The opioid crisis and the willingness of the public and policymakers to consider new ideas to combat mortality and the spread of disease have propelled harm reduction toward an increasingly visible role in the public health debate. Moving forward, it will be critical for harm reduction to help move the conversation from an opioid-centric focus to one around drug policy as a whole. Though it is encouraging to see diverse groups come together to help resolve the issue of opioid-related disease and death, opioids will not always be the drug of choice.
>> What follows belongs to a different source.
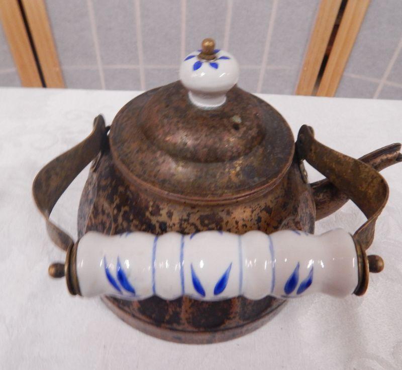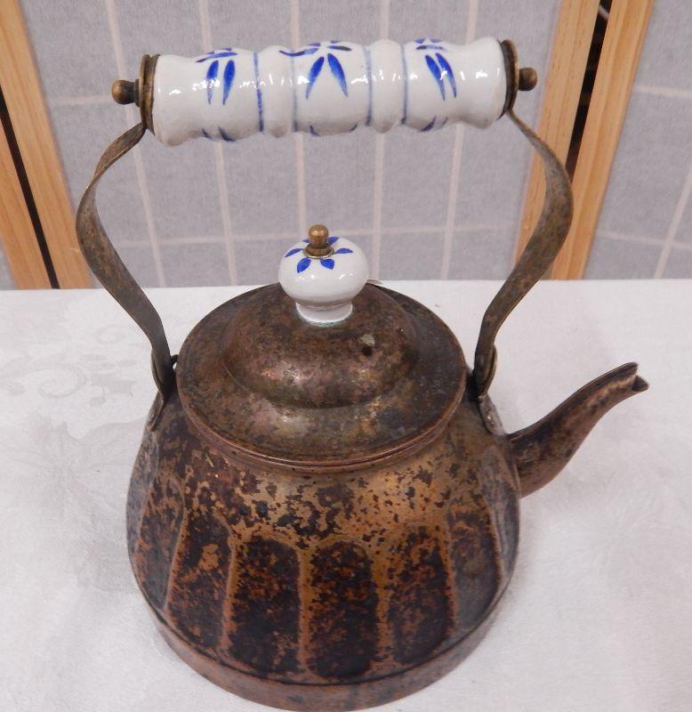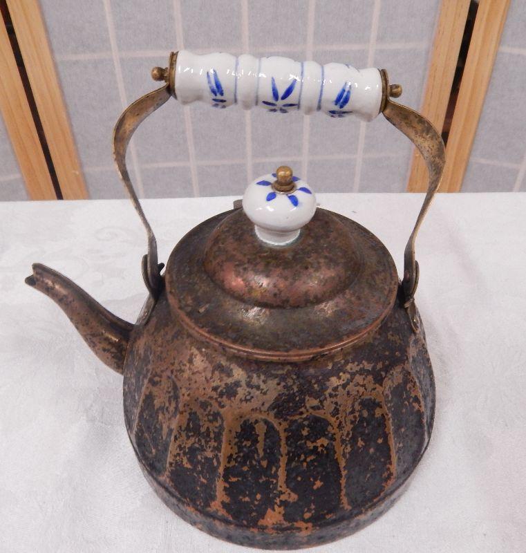 Metal Tea Kettle w/ White & Blue Ceramic Handle - Coppery Patina - 9" Tall w/ Handle Extended - 6-3/4" Bottom Diameter

When that changes, public health professionals, policymakers, and communities need to be prepared to confront the next wave of drug-related harms, whether they be from the drugs themselves or from policies that make it harder for people to live healthy lives due to stigma, the effects of a criminal record, or difficulty accessing treatment and health care. How we handle the opioid epidemic will shape the debate on whether substance use is treated as a medical problem or a criminal one for decades to come. We need to all come together to advocate for evidence-based solutions to improve health and save lives across the state.
Acknowledgments
Potential conflict of interest. The author is an employee of the North Carolina Harm Reduction Coalition.